In order to support and improve the efficiency of clinical research in oncology, the University of Pavia and the IRCCS Fondazione Salvatore Maugeri of Pavia are developing and implementing a novel ICT platform, called Onco-i2b2, grounded on the i2b2 software.
Onco-i2b2 is able to integrate data from different sources inside the i2b2 data warehouse through the implementation of a complex IT architecture, which includes development of new i2b2-cells for data analysis. As result of this project, hospital researchers have been enabled to obtain information from the PU database, from a biobank management system and to merge them with the clinical information present in the hospital information system (HIS), in order to select interesting patients with a specific phenotype of interest.
Currently, the project manages patients with a principal diagnosis of breast cancer.
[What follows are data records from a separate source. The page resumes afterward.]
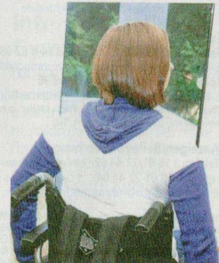
Irgendwann soll der Rollstuhl in die Ecke wandern.
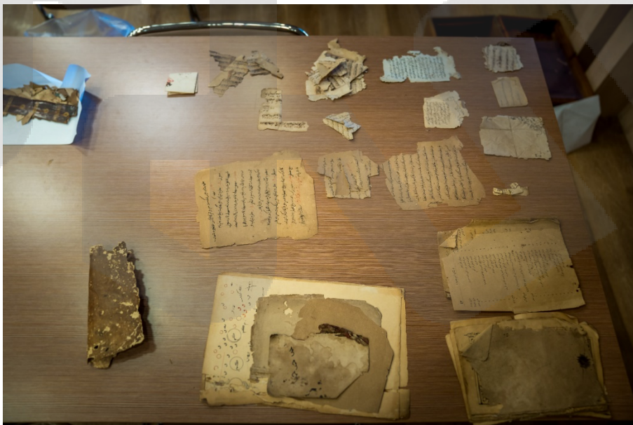
ภาพ 8 สํารวจเอกสาร และค้ดแยกประเภท ที่มา: ศุภกรานต์ พุ่มพฤกษ์, 26 กุมภาพันธ์ 2568
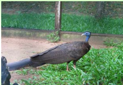
นกหว่า (Great Argus – Argusianus argus )
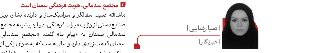
اصبا رضایی | اخیریکارا

مجتمع نمدمالی سمنان قرار است فروخته و سپس تخریب شود؛ تصمیمی که با اعتراض بخشی از فعالان صنایع دستی و میراث فرهنگی استان روبه‌رو شده است. مدیرکل میراث فرهنگی، گردشگری و صنایع دستی سمنان می‌گوید منابع حاصل از فروش این مجتمع برای تکمیل بازارچه صنایع دستی استان اختصاص می‌یابد. با این حال، معترضان معتقدند این مجموعه بخشی از هویت فرهنگی سمنان است و می‌توان آن را به‌جای واگذاری، به بازارچه دائمی صنایع دستی یا مرکز فرهنگی گردشگری تبدیل کرد. شکایت‌ها و پیگیری‌های حقوقی بهره‌برداران نیز به گفته مدیرکل میراث فرهنگی استان، تاکنون در مراجع قضایی به نتیجه نرسیده و فروش مجتمع همچنان در دستور کار است.
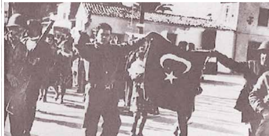
ΟΜΟΡΦΙΤΑ 1963. 25 Δεκεμβρίου, κατάληψη από τις δυνάμεις του Νίκου Σαμσιών
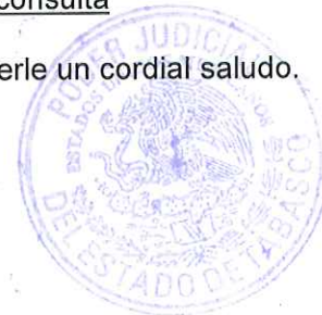
DRA. ANABELL CHUMACERO CORRAL DIRECTORA DEL CENTRO DE ESPECIALIZACIÓN JUDICIAL
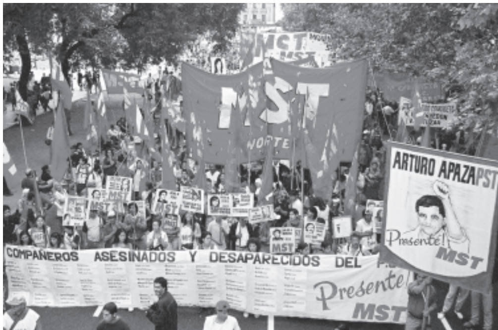
La columna del MST el 24 movilizó más de 8.000 compañeros. Fue la más grande del último año.

Estamos hoy aquí en graves y decisivos momentos para la humanidad, conmovida por una
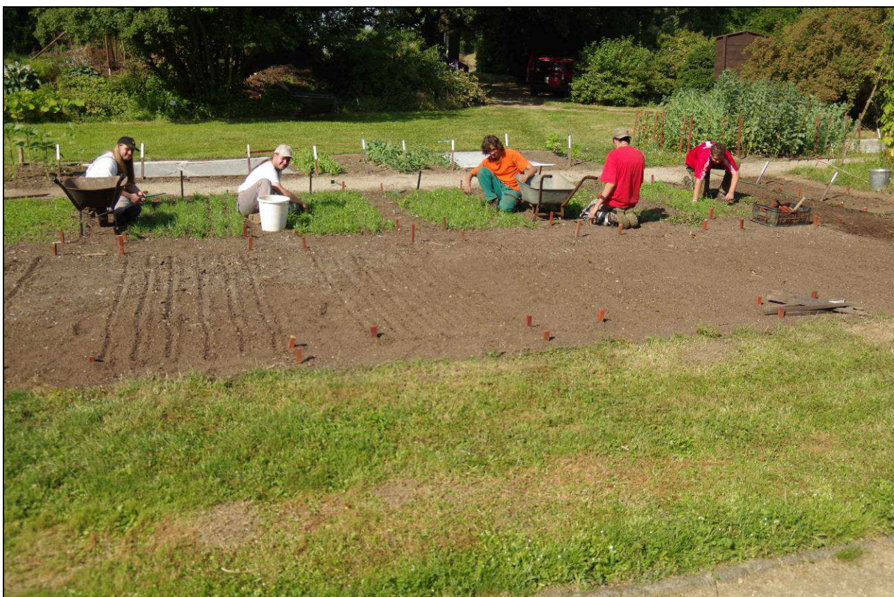
Péče o záhony je nikdy nekončící prací pro trpělivé prsty i oči.
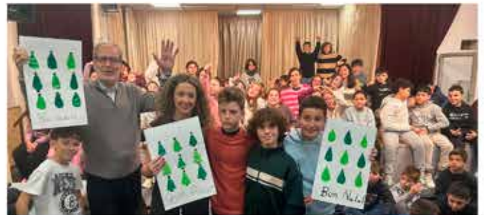
19-12-25 Nadales dels nens de 5è de primaria dels Maristes

However, since the oncology unit and the biobank of the FSM hospital are already equipped to handle information about samples coming from other wards or other European medical centers, new type of cancers will be considered in the near future.
In this section we will describe the design principles and the implementation of the IT architecture that has been deployed at the FSM hospital within the Onco-i2b2 project. As mentioned in the previous section, our system is based on the i2b2 open source software environment, and its main features are briefly summarized below.
An overview of the i2b2 technological solutions
The i2b2 framework has two main pillars: the data warehouse and the data management services .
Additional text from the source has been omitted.